The Shipping News

“At last the end of the world, a wild place that seemed poised on the lip of the abyss. No human sign, nothing, no ship, no plane, no animal, no bird, no bobbing trap marker nor buoy. As though he stood alone on the planet. The immensity of sky roared at him and instinctively he raised his hands to keep it off. Translucent thirty-foot combers the color of bottles crashed onto stone, coursed bubbles into a churning lake of milk shot with cream. Even hundreds of feet above the sea the salt mist stung his eyes and beaded his face and jacket with fine droplets. Waves struck with the hollowed basso peculiar to ovens and mouseholes.

He began to work down the slant of rock. Wet and slippery. He went cautiously, excited by the violence, wondering what it would be like in a storm.
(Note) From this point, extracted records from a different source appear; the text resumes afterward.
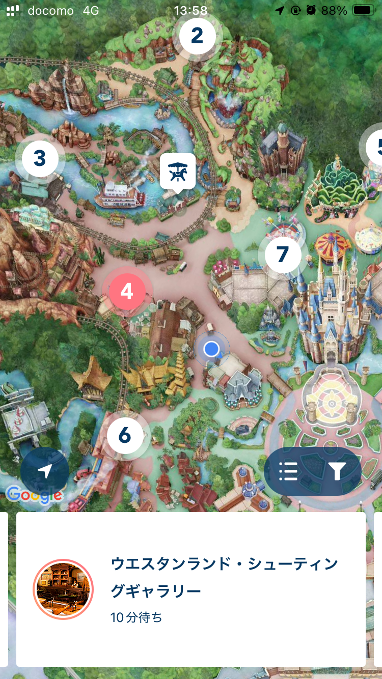 マップ上でアトラクションやショップを選択すると、そこからトップメニューに戻る方法が最初分からなかった。いちいちアプリを再起動していたが、単にマップ上で空白部分をタップすればメニューが出てくると分かった。こういう細かいインターフェースは感覚的に使いやすくしてほしい。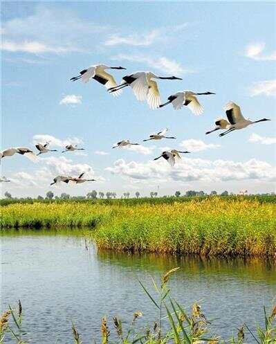 总面积达21万公顷的保护区有着风光绮丽的湿地景观,由于水草丰茂,沼泽众多,这里的野生丹顶鹤达400余只,占世界总量的1/4。以丹顶鹤为首,湿地内栖居着150多种鸟类。每天两场的丹顶鹤野化驯飞表演场面壮观。
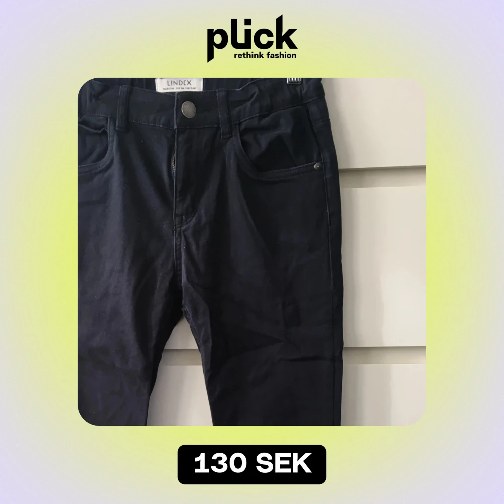 Säljer ett par mörkblå byxor från Lindex i storlek EUR 164. De har en ganska smal passform. Byxorna har en knapp och dragkedja framtill samt fickor. Märket 'Detroit' syns på baksidan. Passar perfekt till höst- och vintergarderoben!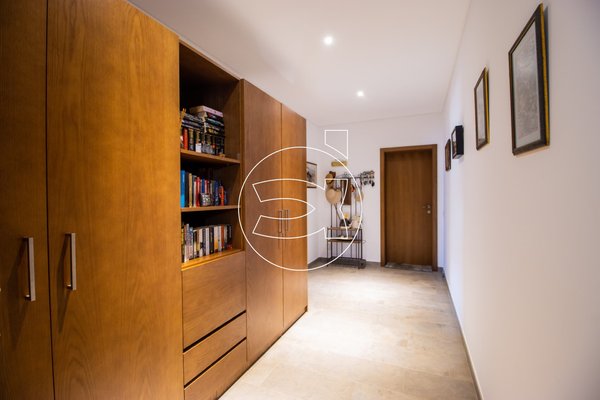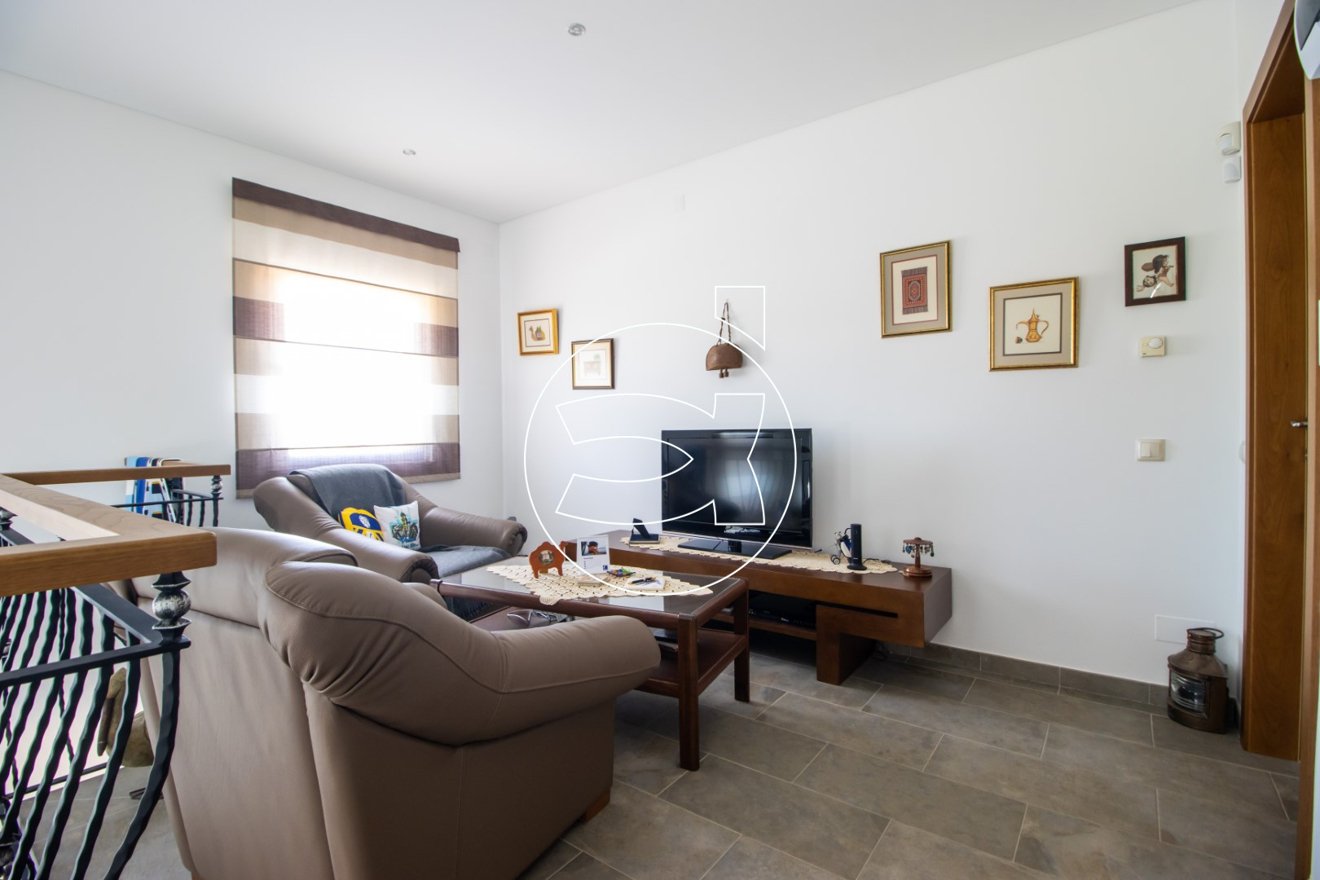 Eine beeindruckende Treppe führt in den ersten Stock, der derzeit als zusätzliche Sitzecke genutzt wird, ideal zum Fernsehen. Auf dieser Ebene befinden sich zwei weitere Doppelschlafzimmer mit eigenem Bad.

The tide still on the ebb in that complex swell and fall of water against land, as though a great heart in the center of the earth beat but twice a day.
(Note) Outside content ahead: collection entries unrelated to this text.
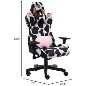 Diga às outras cadeiras de jogos para MOO ve fora do caminho, porque nossa nova cadeira de jogos TS85 Cow Print LUXX Series é exatamente o que você precisa para se destacar. Ele tem um estofamento suave e aveludado, assento de espuma de memória de alta qualidade, um apoio de cabeça de vaca com orelhas de pelúcia rosa e chifres marrons e um travesseiro lombar de dupla face Proporcionando o máximo conforto, estilo e desempenho, esta cadeira de jogos também possui apoios de braços ajustáveis em 2D, ajuste pneumático de altura do assento, mecanismo reclinável de até 150 graus e muito mais Esta cadeira pode suportar pesos de até 113 KG Marca: Não Informado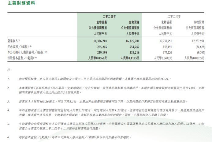 而从年度业绩来看,2024年中粮家佳康营收163.26亿元,同比减少5.29%,不过受益于猪价上涨,公司归母净利润(公允价值调整后,下同)5.382亿元,较2023年亏损960万元一举扭亏为盈。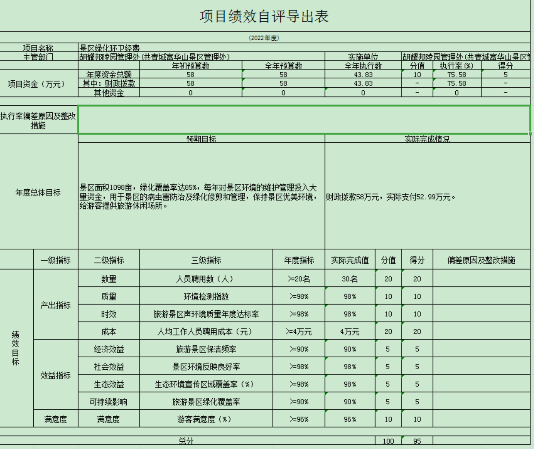 3.景区绿化环卫经费年初预算资金58万元,财政安排资金58万元,实际支出52.99万元。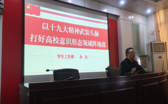 2018年4月9日,KY官网辅导员专题培训在明德楼第一会议室召开,学生工作处处长余为做了《以十九大精神武装头脑,打好高校意识形态领域阵地战》的专题讲座。各学院分管学生工作的副书记,相关部门负责人,全体辅导员参加了培训。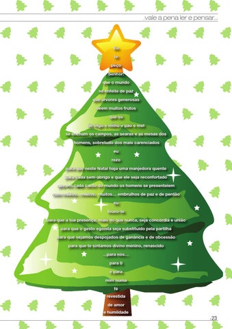Eu te peço Senhor: que o mundo se enfeite de paz que árvores generosas deem muitos frutos que só de trigo e milho e pão e mel se encham os campos, as searas e as mesas dos homens, sobretudo dos mais carenciados eu rezo para que neste Natal haja uma manjedora quente para cada sem-abrigo e que ele seja reconfortado que em cada canto do mundo os homens se presenteiem com muitos…muitos, muitos… embrulhos de paz e de perdão eu louvo-te para que a tua presença, mais do que nunca, seja concórdia e união para que o gesto egoísta seja substituído pela partilha para que sejamos despojados de ganância e de obcessão para que te sintamos divino menino, renascido ...para nós… para ti e para mim numa fé revestida de amor e humildade
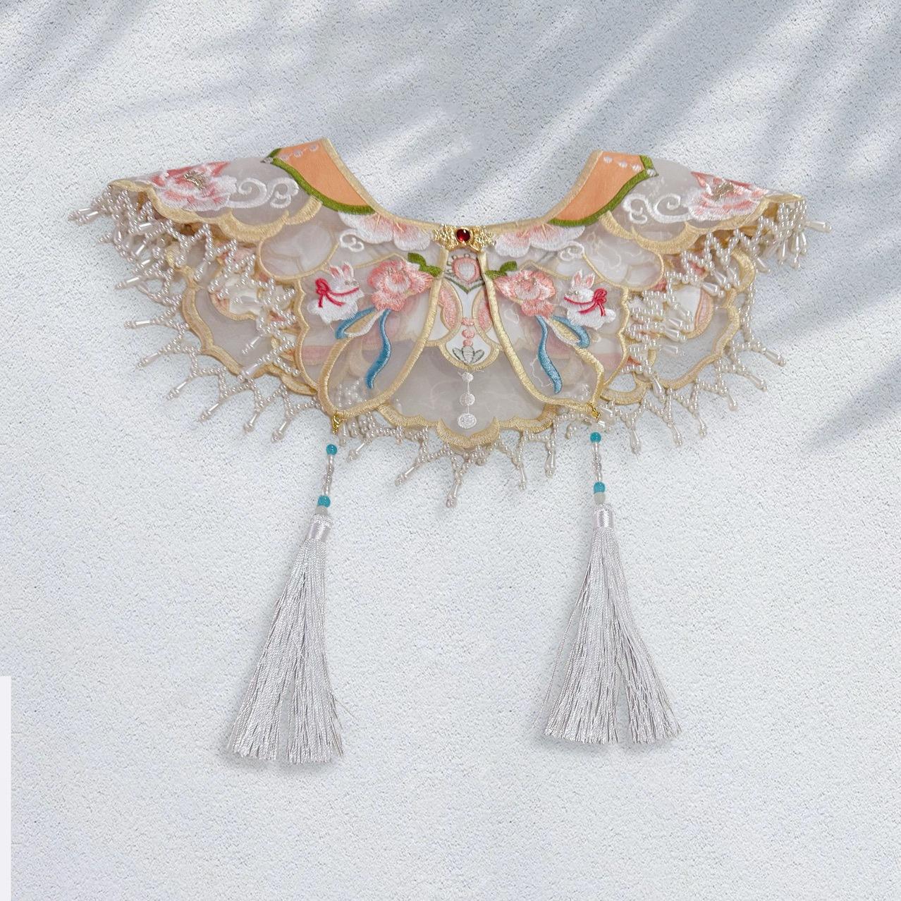 Ougan Nube de Hombro para Niños Flor de Durazno Conejo Bordado Cuello Antiguo Cuello Falso Accesorios Hanfu Decoración Ropa Infantil Bordada Combinable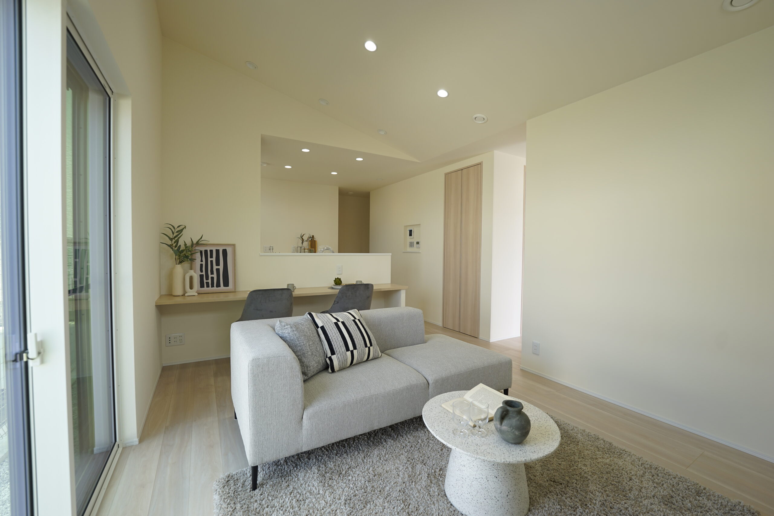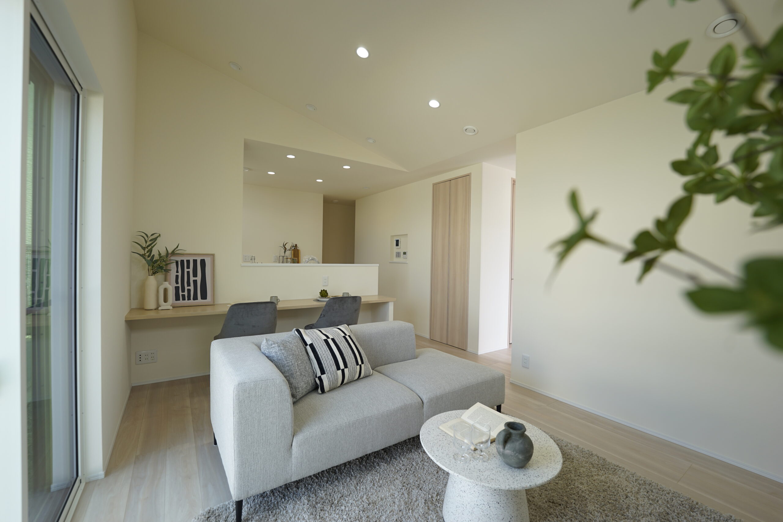 勾配天井がリビングに広がりを生み、心地よい開放感を感じられる住まいです

These waters, thought Quoyle, haunted by lost ships, fishermen, explorers gurgled down into sea holes as black as a dog’s throat. Bawling into salt broth. Vikings down the cracking winds, steering through fog by the polarized light of sun-stones. The Inuit in skin boats, breathing, breathing, rhythmic suck of frigid air, iced paddles dipping, spray freezing, sleek back rising, jostle, the boat tom, spiraling down. Millennial bergs from the glaciers, morbid, silent except for waves breaking on their flanks, the deceiving sound of shoreline where there was no shore. Foghorns, smothered gun reports along the coast. Ice welding land to sea. Frost smoke. Clouds mottled by reflections of water holes in the plains of ice. The glare of ice erasing dimension, distance, subjecting senses to mirage and illusion. A rare place.”